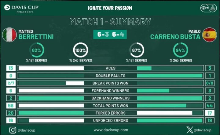 Berrettini potrebbe dare la spallata decisiva a inizio secondo set quando sul primo turno di Carreno va 15-40. Ma stavolta lo spagnolo si salva con una ace mentre sulla seconda opportunità Matteo tira un diritto fuori. Il nostro numero 2 però va come un treno quando batte trovando con buona costanza anche gli ace (saranno in tutto 13). Carreno regge fino al 4-4 poi ancora una volta si scioglie nel momento cruciale del set. Due gratuiti, un attacco debole che Matteo azzanna con rovescio vincente e ci sono tre palle break per andare a servire per il match per Berrettini. Solito ace di emergenza per lo spagnolo, poi però una risposta profonda di Berrettini chiude il gioco. Un ace, un paio di gratuiti di Carreno (che sul primo prende un warning per essersi lamentato del brusio del pubblico tirando una racchettata alla sedia dell’arbitro) e una risposta in rete. Berrettini che ha lasciato solo 12 punti alla risposta chiude 6-3 6-4 e porta l’Italia in vantaggio.
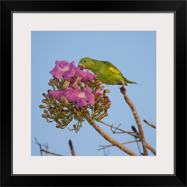 <p>South America. Brazil. A yellow-chevroned parakeet (Brotogeris chiriri) harvesting the blossoms of a pink trumpet tree (Tabebuia impetiginosa) in the Pantanal, the world's largest tropical wetland area, and a UNESCO World Heritage Site.</p>
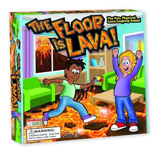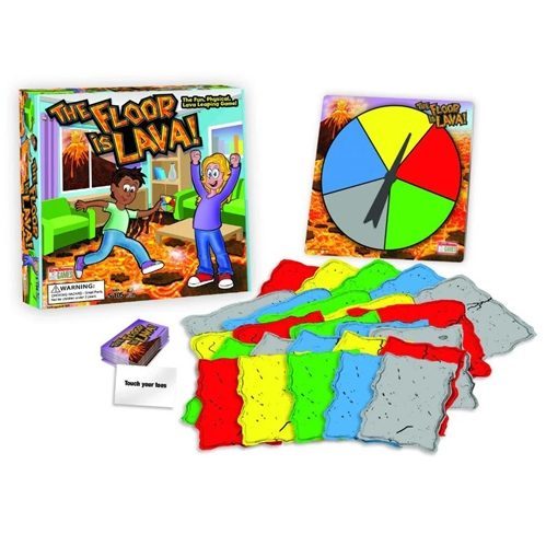 Everyone has played a version of this game as a child, most likely jumping all over the furniture in their living room trying to stay off the dangerous floor. The Floor is Lava is a brand-new game where players must imagine the floor is molten hot lava, while spinning for their color and jumping along foam game pieces in order to reach safety. The Floor is Lava is a family game incorporating physical activity, imagination and pure fun! Remember… DON’T TOUCH THE FLOOR!

########################################

Problem description:
Without any of its images, the data above should be returned exactly.

Result of this exercise:
 Berrettini potrebbe dare la spallata decisiva a inizio secondo set quando sul primo turno di Carreno va 15-40. Ma stavolta lo spagnolo si salva con una ace mentre sulla seconda opportunità Matteo tira un diritto fuori. Il nostro numero 2 però va come un treno quando batte trovando con buona costanza anche gli ace (saranno in tutto 13). Carreno regge fino al 4-4 poi ancora una volta si scioglie nel momento cruciale del set. Due gratuiti, un attacco debole che Matteo azzanna con rovescio vincente e ci sono tre palle break per andare a servire per il match per Berrettini. Solito ace di emergenza per lo spagnolo, poi però una risposta profonda di Berrettini chiude il gioco. Un ace, un paio di gratuiti di Carreno (che sul primo prende un warning per essersi lamentato del brusio del pubblico tirando una racchettata alla sedia dell’arbitro) e una risposta in rete. Berrettini che ha lasciato solo 12 punti alla risposta chiude 6-3 6-4 e porta l’Italia in vantaggio.
 <p>South America. Brazil. A yellow-chevroned parakeet (Brotogeris chiriri) harvesting the blossoms of a pink trumpet tree (Tabebuia impetiginosa) in the Pantanal, the world's largest tropical wetland area, and a UNESCO World Heritage Site.</p>
 Everyone has played a version of this game as a child, most likely jumping all over the furniture in their living room trying to stay off the dangerous floor. The Floor is Lava is a brand-new game where players must imagine the floor is molten hot lava, while spinning for their color and jumping along foam game pieces in order to reach safety. The Floor is Lava is a family game incorporating physical activity, imagination and pure fun! Remember… DON’T TOUCH THE FLOOR!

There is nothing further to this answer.